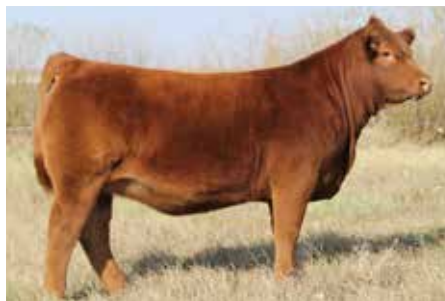
Flushmate - UZX 16J sells on choice at CWA
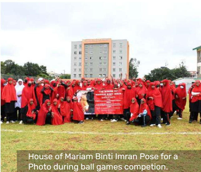
House of Mariam Binti Imran Pose for a Photo during ball games competition.
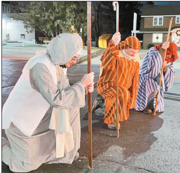
The shepherds journey to find the newborn King and pay homage to Him on bended knee, as part of Trinity's Living Nativity experience.

In addition, Trinity's Dorcas Group will hold a bake sale downstairs in the church, along with a few crafts, beginning at 3:00 p.m. until items are gone.
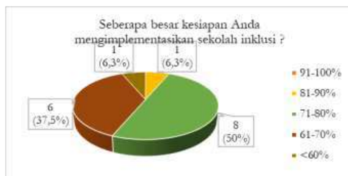
Figure 4. Readiness in Implementing the Implementation of Inclusive Schools

How much is your readiness in implementing inclusive school?
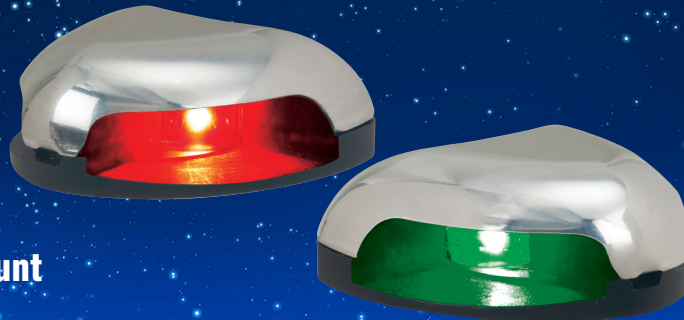
Fig. 0626 Horizontal Mount Side Lights
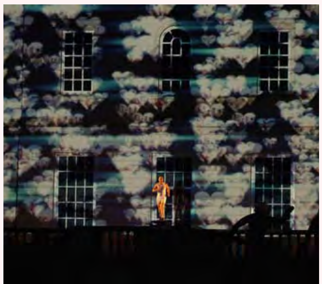
Greenwich & Docklands Festivals
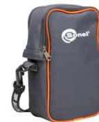
M13 carrying case WAFUTM13
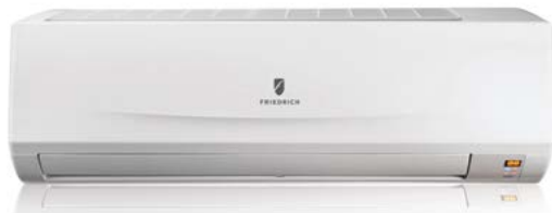
115 volt models MWM09Y1J, MWM12Y1J

Superb performance and excellent value, you get both at exceptional pricing.
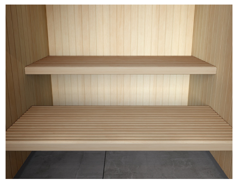
ESR, aspen Narrow-slat interior in aspen. ESR, alder Narrow-slat interior in alder.
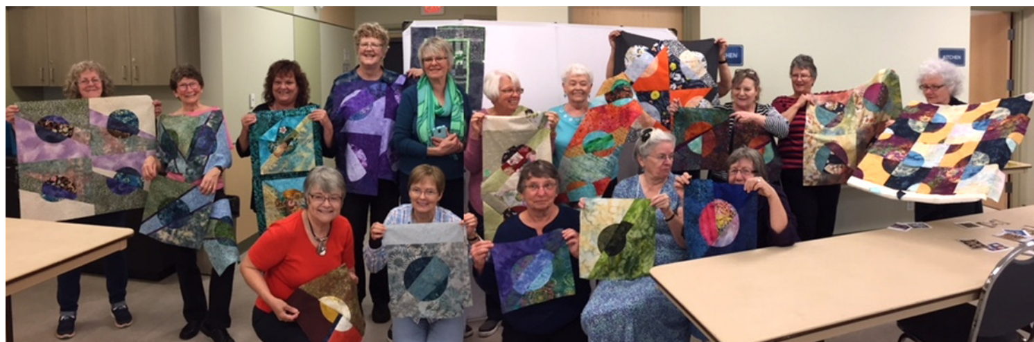
Below: Results of the October 20 Sliced Circles workshop.
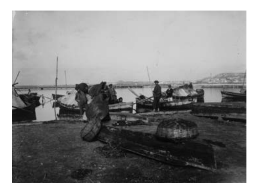
He is struck by the lively atmosphere of the port, with the inevitable piccioccus de crobi portrayed on the quays near Via Roma, playing (IMAGE 6) or posing for the photographer (IMAGE 7).
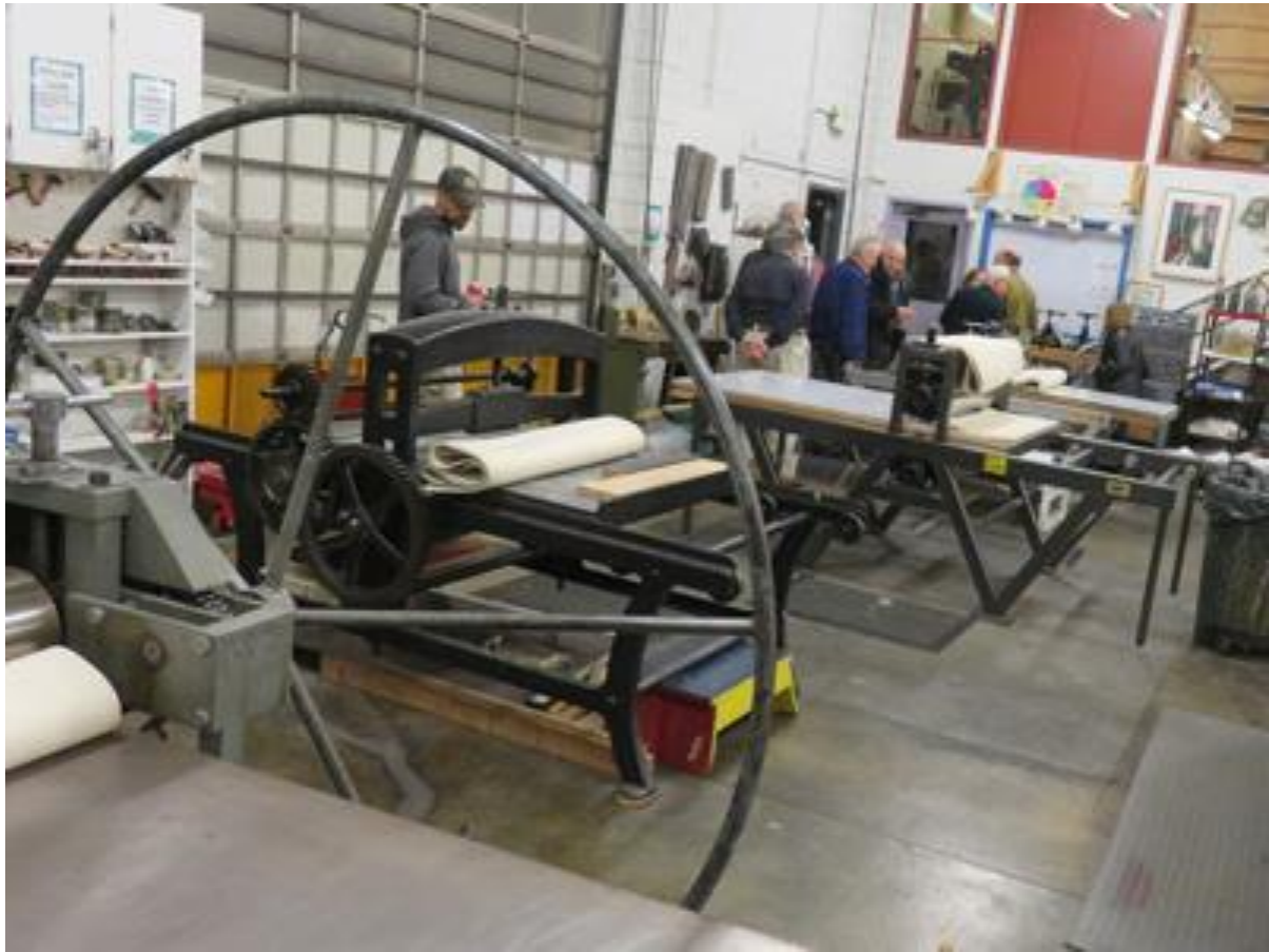
Printing and Textile Studio
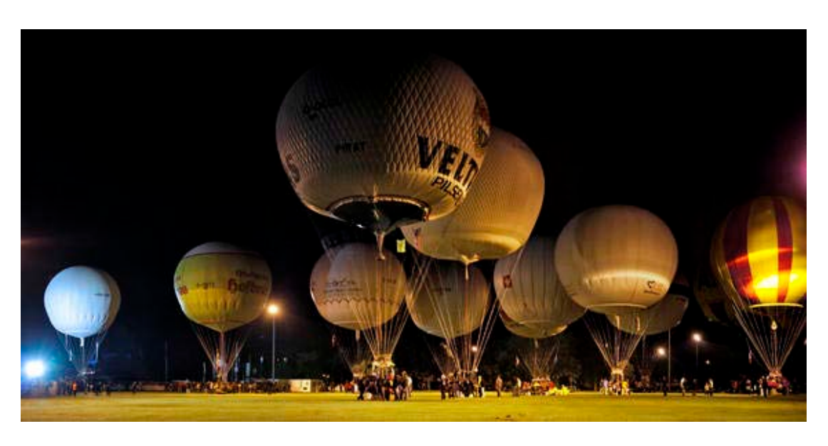
53<sup>rd</sup> Coupe Aéronautique Gordon Bennett, Geneva, Switzerland
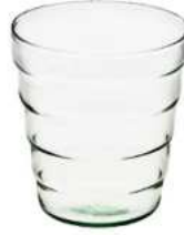
W-282 height: 145 top: 130 bottom: 90 q/p: 528
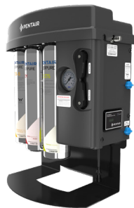
EZ-RO 375/5G-BL with optional floor stand bracket
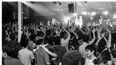
Northwestern University Dance Marathon
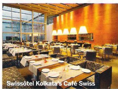
Swissôtel Kolkata's Café Swiss

A half-hour's drive from major auto-makers like Volkswagen, the Marriott Courtyard is a convenient hotel for
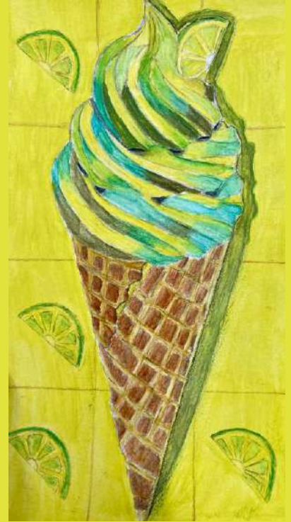
15. Elena Potamiti
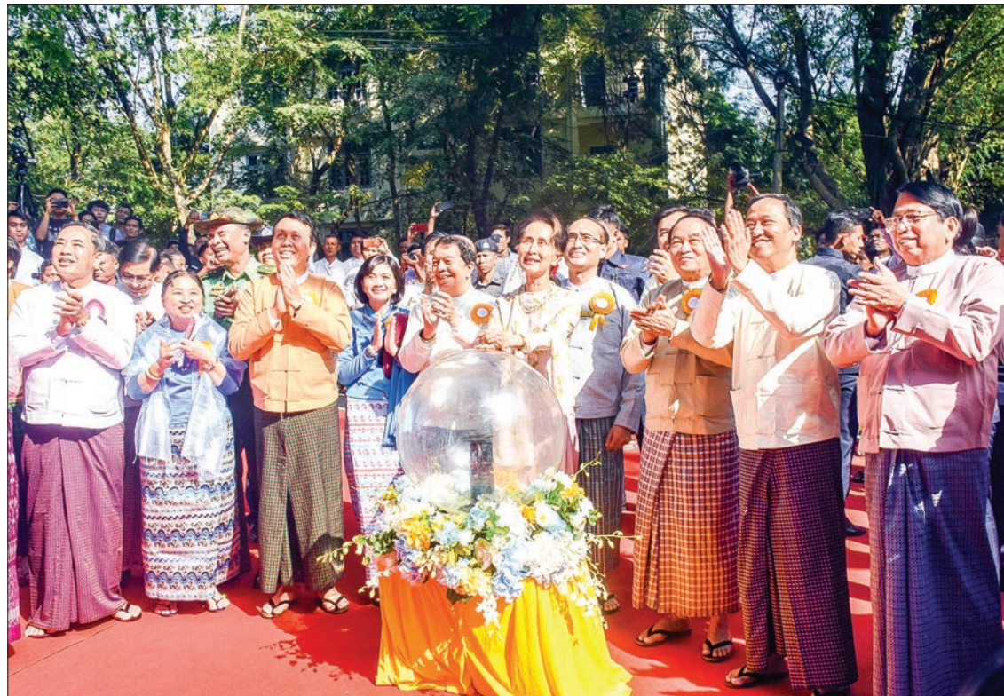
State Counsellor Daw Aung San Suu Kyi formally opens the Medical Skill, Simulation and Research Centre at the University of Medicine-1 in Yangon.

STATE Counsellor Daw Aung San Suu Kyi attended and addressed an opening ceremony of the Medical Skill, Simulation and Research Center held in the compound of University of Medicine 1, Yangon yesterday afternoon.
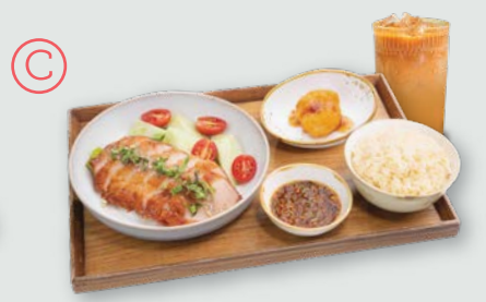
香茅燒豬頸肉 配 白飯 Grilled Lemongrass Pork Neck with Jasmine Rice
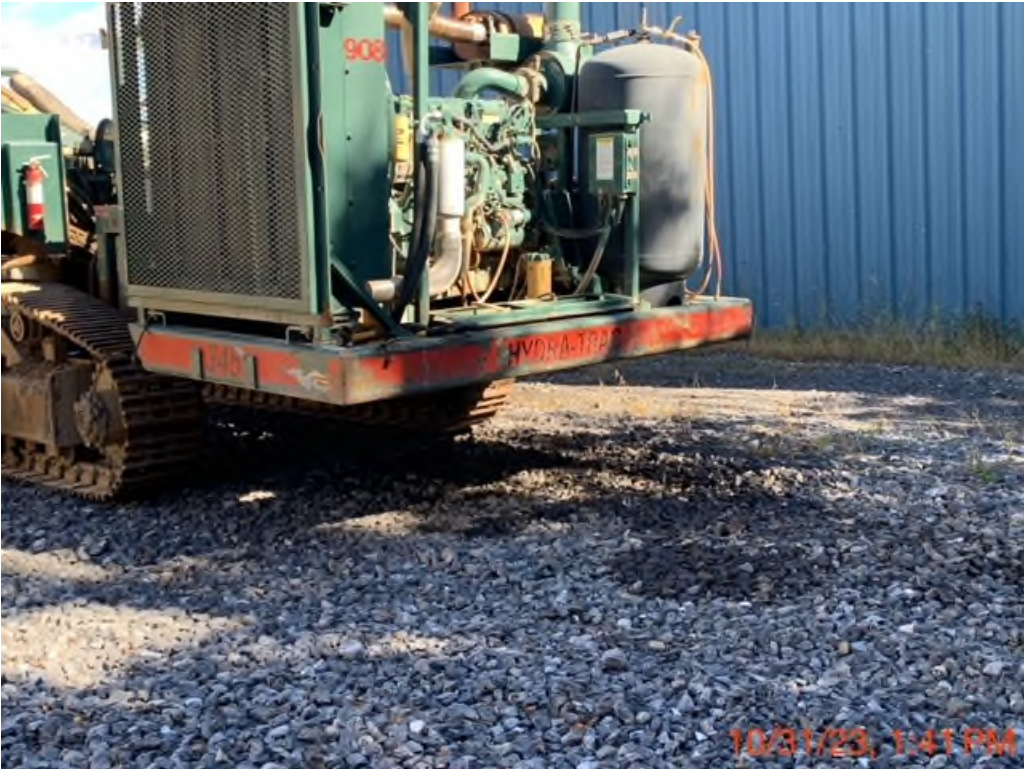
Petroleum on ground from equipment
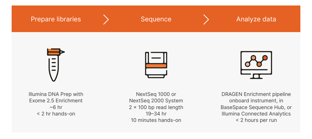
Figure 1: NextSeq 1000 and NextSeq 2000 exome sequencing workflow—The NextSeq 1000 and NextSeq 2000 Systems are part of a simple, integrated NGS workflow that delivers highly accurate exome sequencing data. Times vary by experiment and assay type.
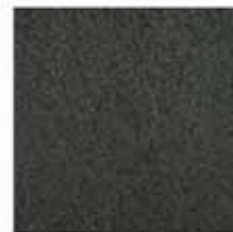
STONE ASH Group IV Full Body
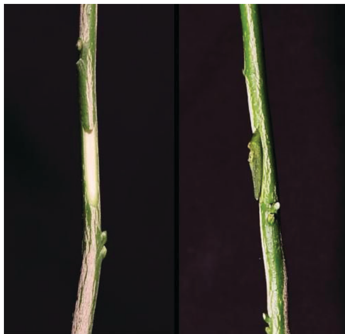
Figure 7. Chip budding.

Chip budding requires slightly more skill than T budding and is usually done whenever the bark of the rootstock plant is not slipping or has become too thick to T bud. The chip bud is cut while holding the budstick with the apical end toward the budder. A thin slice of wood with a scion bud is removed by making a smooth upward cut about 1 inch long and just into the wood. A second cut is made at the top of the first cut, forming a notch. A chip is removed from the rootstock in a similar manner (Figure 7) and the scion bud is placed on the cut to match the cambium. Cambial tissue is a thin layer between the bark and the wood of a tree. This is an area of active cellular growth. Because only two thin lines of cambial tissue are available for healing on both the scion bud and rootstock, it is important that matching on both sides occurs whenever possible. The scion should be wrapped as described for T budding so that all cut edges are completely covered.
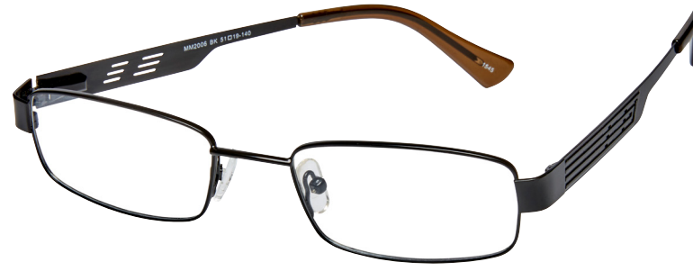
SKU: 1224650 Style: MM2006 BLK Color: Black Category: Adult Material: Metal Size: 51 19 140
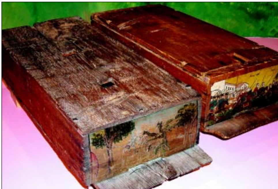
Two traditional Carniolan beehives called “kranjič” with illustrated beehive front boards.

Foreign experts became interested in Carniolan bees. In 1879 Pollmann published the booklet “ The value of different races and their variations according to reputable beekeepers ” ( Wert der verschiedenen Bienenrasen und deren Varietäten, bestimmt durch Urteile namhafter Bienenzüchter ). In this book he talks among other things, about the Carniolan bee and refers to it by the scientific name Apis mellifica carnica and ger-

--------------------

Here the job is to copy the listing above word for word, starting at the line with "EZ-RO 375/5G-BL with" and ending at the line with "15. Elena Potamiti", and to leave out the pictures.

WORKED SOLUTION
EZ-RO 375/5G-BL with optional floor stand bracket
Northwestern University Dance Marathon
Swissôtel Kolkata's Café Swiss

A half-hour's drive from major auto-makers like Volkswagen, the Marriott Courtyard is a convenient hotel for
15. Elena Potamiti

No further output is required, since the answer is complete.